▶ _Work request_: Write out the data word for word, taking care that no picture is carried over.

▶ _Raw data_:
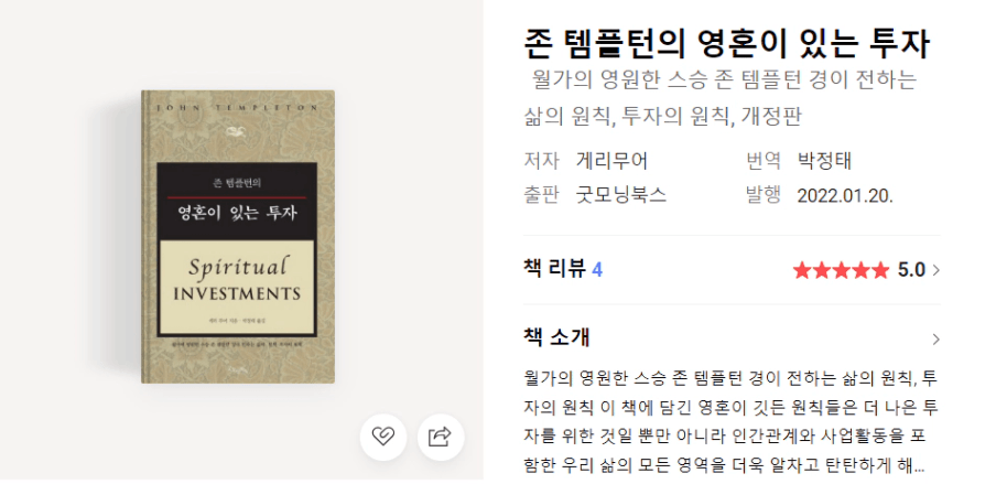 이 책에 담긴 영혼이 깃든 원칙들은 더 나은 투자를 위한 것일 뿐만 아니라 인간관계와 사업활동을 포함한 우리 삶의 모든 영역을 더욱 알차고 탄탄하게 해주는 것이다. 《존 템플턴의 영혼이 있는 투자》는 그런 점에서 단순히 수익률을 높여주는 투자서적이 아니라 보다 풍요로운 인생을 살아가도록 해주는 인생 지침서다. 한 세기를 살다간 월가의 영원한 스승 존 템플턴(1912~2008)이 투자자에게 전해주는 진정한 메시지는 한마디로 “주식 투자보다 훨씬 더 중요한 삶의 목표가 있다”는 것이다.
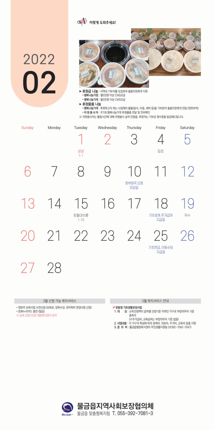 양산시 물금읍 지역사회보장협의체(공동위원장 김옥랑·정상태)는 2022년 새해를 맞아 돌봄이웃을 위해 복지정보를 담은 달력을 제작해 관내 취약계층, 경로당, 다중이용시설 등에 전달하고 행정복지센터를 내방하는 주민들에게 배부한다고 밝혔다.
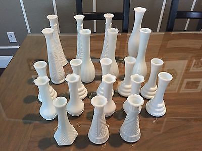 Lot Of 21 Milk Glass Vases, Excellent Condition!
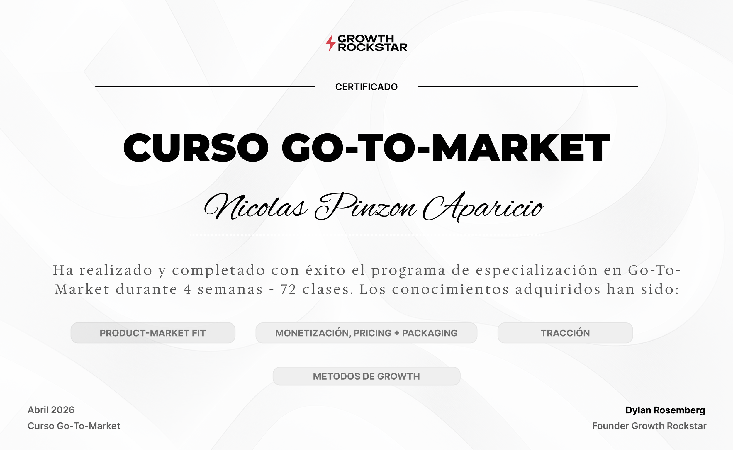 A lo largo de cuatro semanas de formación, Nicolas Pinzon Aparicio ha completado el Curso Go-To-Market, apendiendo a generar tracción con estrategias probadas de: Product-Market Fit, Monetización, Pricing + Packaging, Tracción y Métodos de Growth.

▶ _Expected answer_:
 이 책에 담긴 영혼이 깃든 원칙들은 더 나은 투자를 위한 것일 뿐만 아니라 인간관계와 사업활동을 포함한 우리 삶의 모든 영역을 더욱 알차고 탄탄하게 해주는 것이다. 《존 템플턴의 영혼이 있는 투자》는 그런 점에서 단순히 수익률을 높여주는 투자서적이 아니라 보다 풍요로운 인생을 살아가도록 해주는 인생 지침서다. 한 세기를 살다간 월가의 영원한 스승 존 템플턴(1912~2008)이 투자자에게 전해주는 진정한 메시지는 한마디로 “주식 투자보다 훨씬 더 중요한 삶의 목표가 있다”는 것이다.
 양산시 물금읍 지역사회보장협의체(공동위원장 김옥랑·정상태)는 2022년 새해를 맞아 돌봄이웃을 위해 복지정보를 담은 달력을 제작해 관내 취약계층, 경로당, 다중이용시설 등에 전달하고 행정복지센터를 내방하는 주민들에게 배부한다고 밝혔다.
 Lot Of 21 Milk Glass Vases, Excellent Condition!
 A lo largo de cuatro semanas de formación, Nicolas Pinzon Aparicio ha completado el Curso Go-To-Market, apendiendo a generar tracción con estrategias probadas de: Product-Market Fit, Monetización, Pricing + Packaging, Tracción y Métodos de Growth.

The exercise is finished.